Start of the Pastoralia in the manuscript Barberini Latin 1879

Pastoralia is a collection of ten Latin eclogues written by Matteo Boiardo in 1463–1464. It is one of his early works. Each eclogue has 100 lines.

The Pastoralia must be distinguished from Boiardo's Pastorale (or Pastorali), a collection of ten vernacular epigrams composed in the 1480s.

==Contents==
The ten poems are:
1. Syringa
2. Phyliroe
3. Eripoemenon
4. Comiti Vasilicomantia
5. Silva
6. Herodia
7. Buccula
8. Philicodiae
9. Hercules
10. Orpheus

Written at Ferrara, the Pastoralia is a homage to Vergil's Bucolica. In poems I, IV, VI, IX and X, Boiardo praises Duke Borso d'Este and his brother, Ercole, for preserving the peace. Unlike his earlier poems praising the Estes, the Pastoralia is not so excessive in its praise. In technique, it is "an inspired advance". Poems II, III, V, VII and VIII are about love.
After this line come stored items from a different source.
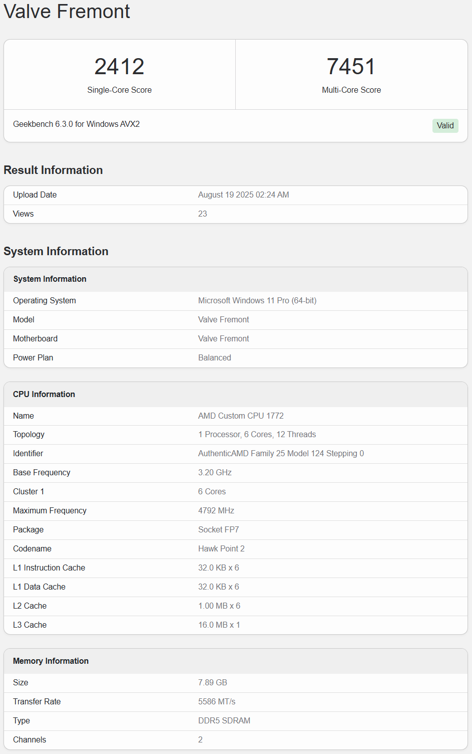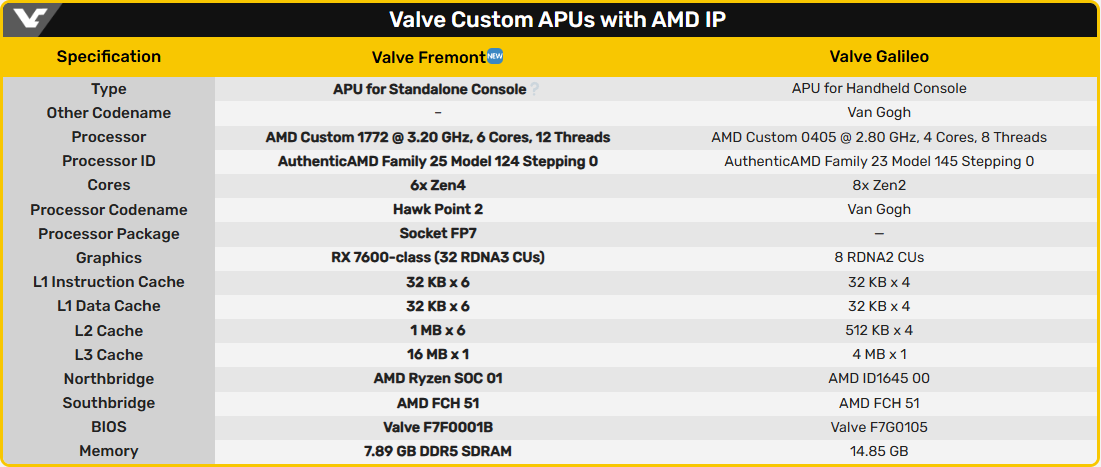 В бенчмарке была замечена тестовая платформа Valve Fremont. Она сочетает 6‑ядерный/12-поточный процессор семейства AMD Hawk Point (архитектура Zen 4), разработанный по отдельному заказу, и, что самое интересное, графику класса Radeon RX 7600. Эта видеокарта, напомним, предлагает 32 Compute Units или 2048 потоковых процессоров с архитектурой RDNA 3, 128-разрядную шину и восемь гигабайтов памяти GDDR6.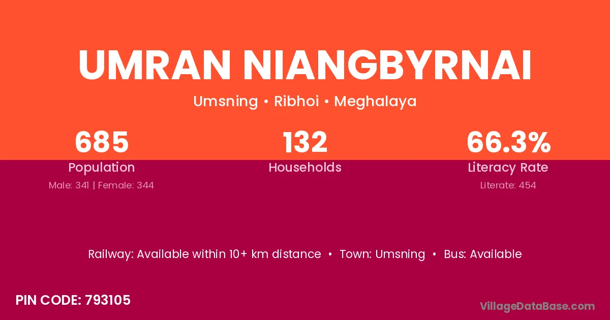 Umran Niangbyrnai village has a total population of 685 people, of which 341 are males and 344 are females.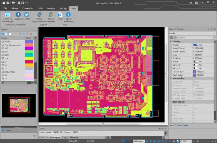 GerbView查看器允许用户可以使用一个包含任何支持的文件格式的一个或多个文件(层)的工作区,可以保存工作区以备后用,工作区将引用用户的设计文件,因此只需重新加载工作区即可查看整个设计,用户可以将此工作区的大小设置为预选的纸张大小之一,或自定义大小,使用精确的测量工具来验证距离和面积。使用查询和光圈高亮工具检查轨道和闪光灯使用的光圈,可以将文本、条形码、二维码、图像、箭头、线条、符号、椭圆和多边形等标记元素添加到工作区,并将在转换和打印过程中包含在内,所有类型的标记元素,例如文本或条形码,都可以“烧入”成为 Gerber 层的永久部分,用户可以使用自定义比例打印文件,例如原始比例为百分百或使用适合页面,打印海报模式,也称为平铺页面,可用于在多张纸上打印大型设计和绘图,页眉、页脚和水印信息可以选择性地添加到打印的纸张上。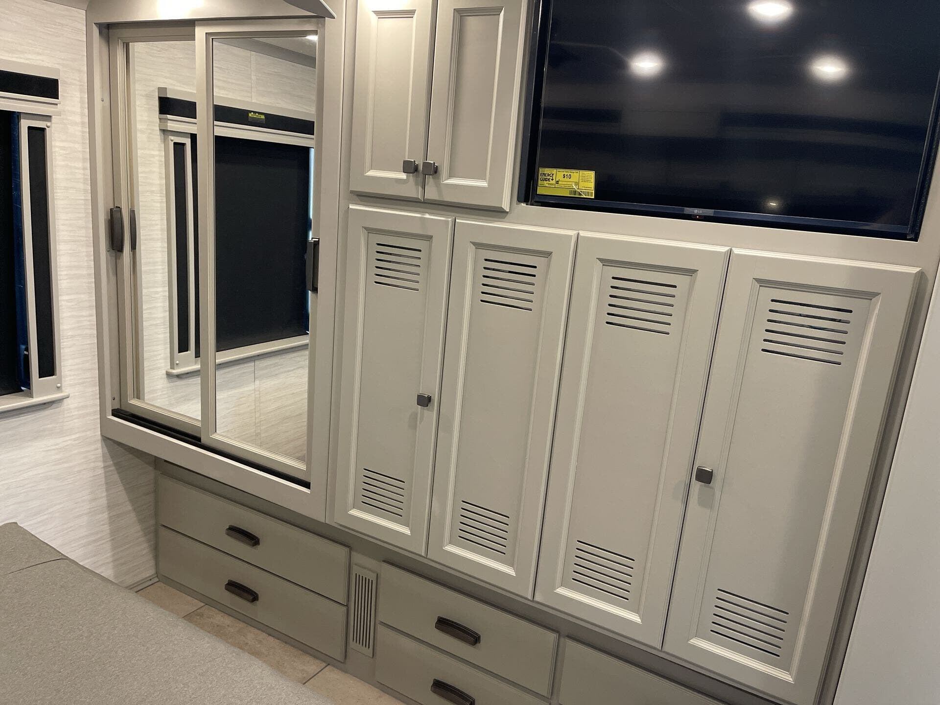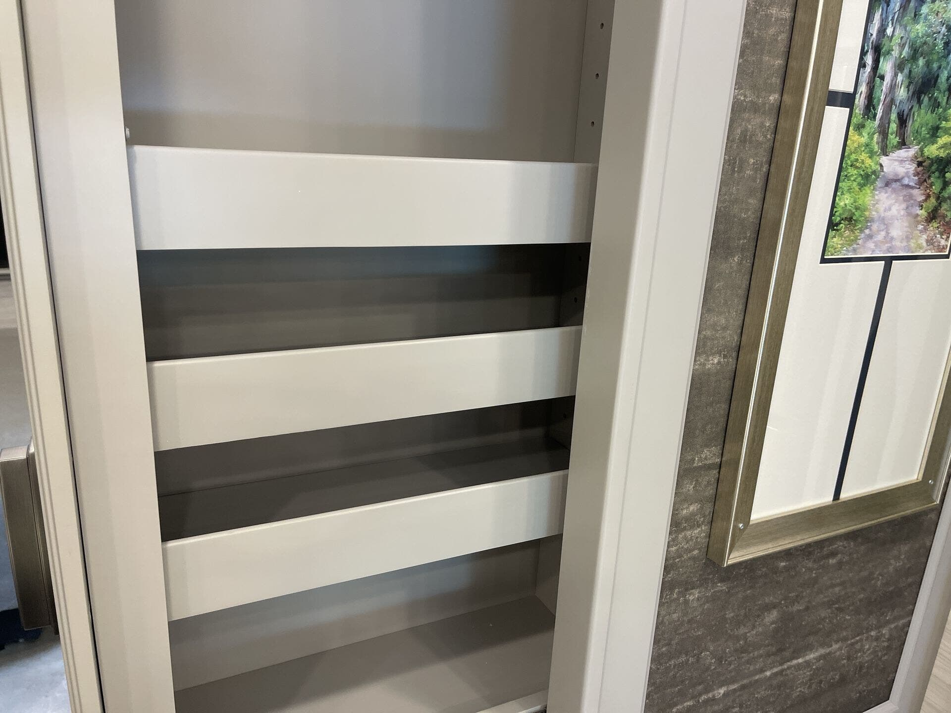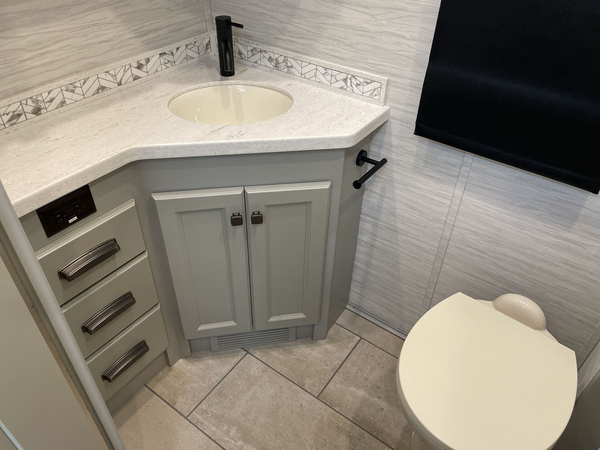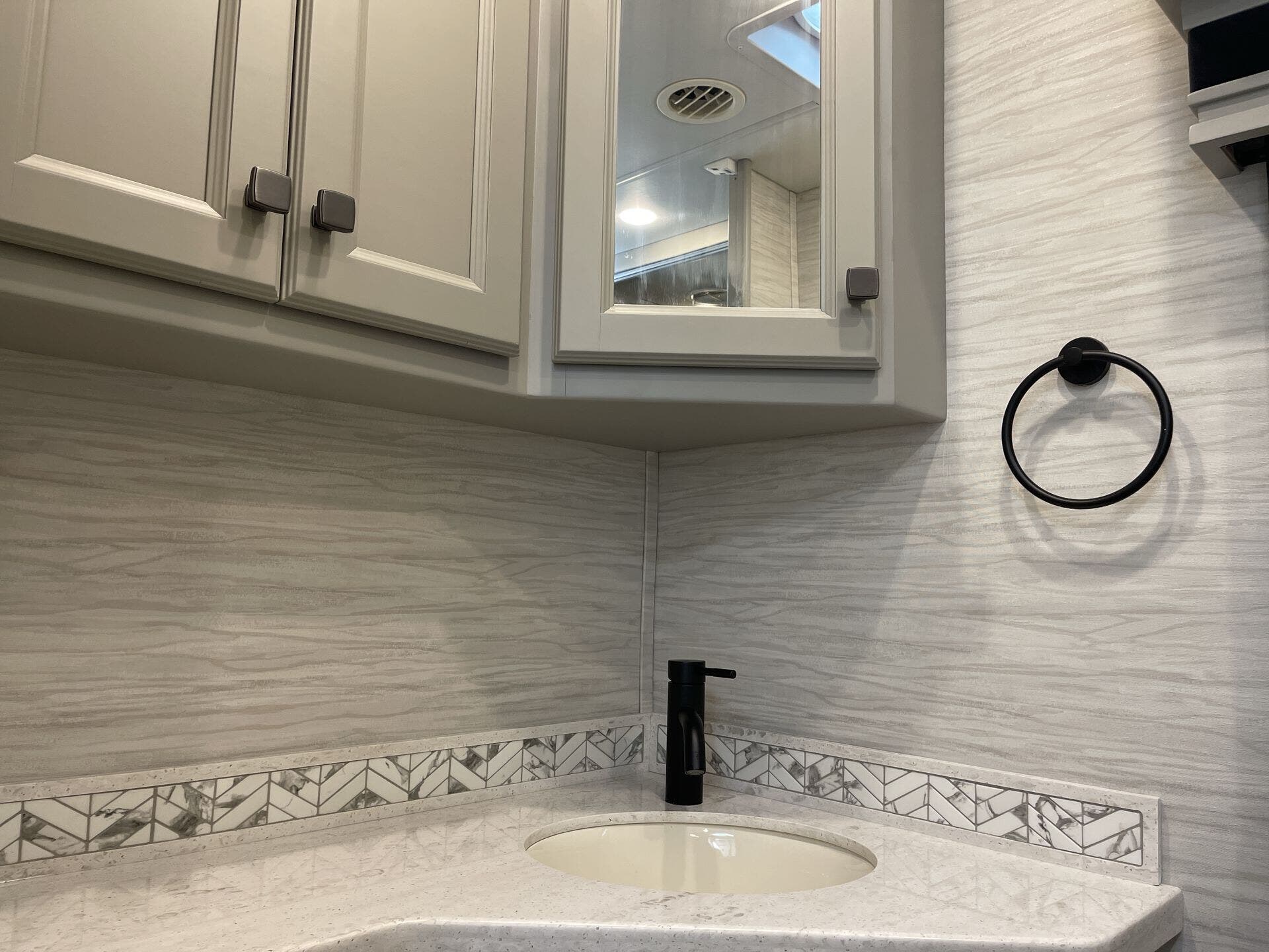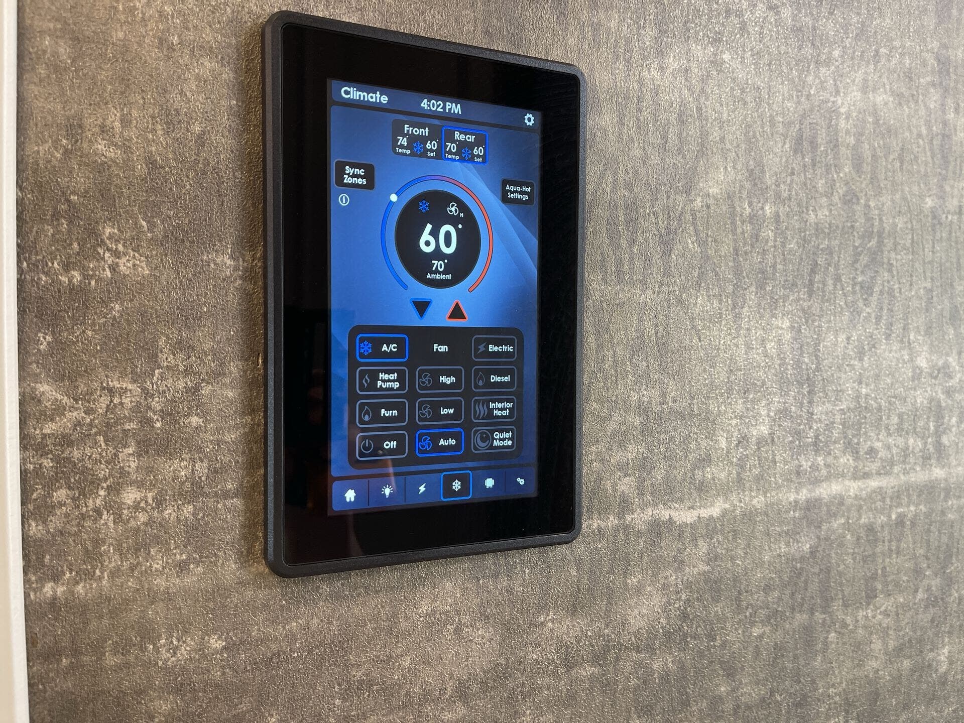 No detail is overlooked in the Allegro Bay’s luxury appointments and utility systems. Tiffin’s tile floor option, handcrafted cabinetry, and tile backsplash add a refined aesthetic. Plumbing and comfort systems include a Truma AquaGo instant water heater, Onan Quiet Diesel 8 kW generator, dual 15,000 BTU A/C units with heat pump, and a 35,000 BTU furnace. Beneath the coach are 136 cu ft of pass-through storage, satellite and Starlink prep, exterior entertainment hookup, and a Girard power awning with LED lighting—all making it an ideal coach for families or couples who seek a premium travel experience .

Giovanni Ponte argued in 1961 that the Pastoralia was the first expression of Boiardo's own poetic voice and not a mere rhetorical exercise. Jo Ann Cavallo considers the eighth eclogue on nature the most successful. Edmund Gardner also considered it "Boiardo's first attempts to win the Muses." Sukanta Chaudhuri considers that, as Boiardo was writing "in a dispensation geared to the epic", he worked in "other modes and forms" than the pastoral into his Pastoralia. For example, Borso and Ercole are presented as "that most contrary figure, the warrior-shepherd, totally subverting the root principle of pastoral".

==Publication history==
There are two surviving versions of the text. The one approved by Boiardo for publication survives in two manuscripts, one containing autograph notes. This version was printed at Reggio nell'Emilia in 1500 by
Bartolomeo Crotti. An abridged version appeared in the 17th century.

A critical edition of the Pastoralia was published by Angelo Solerti in 1894. Stefano Carrai has also edited the Pastoralia and translated it into Italian.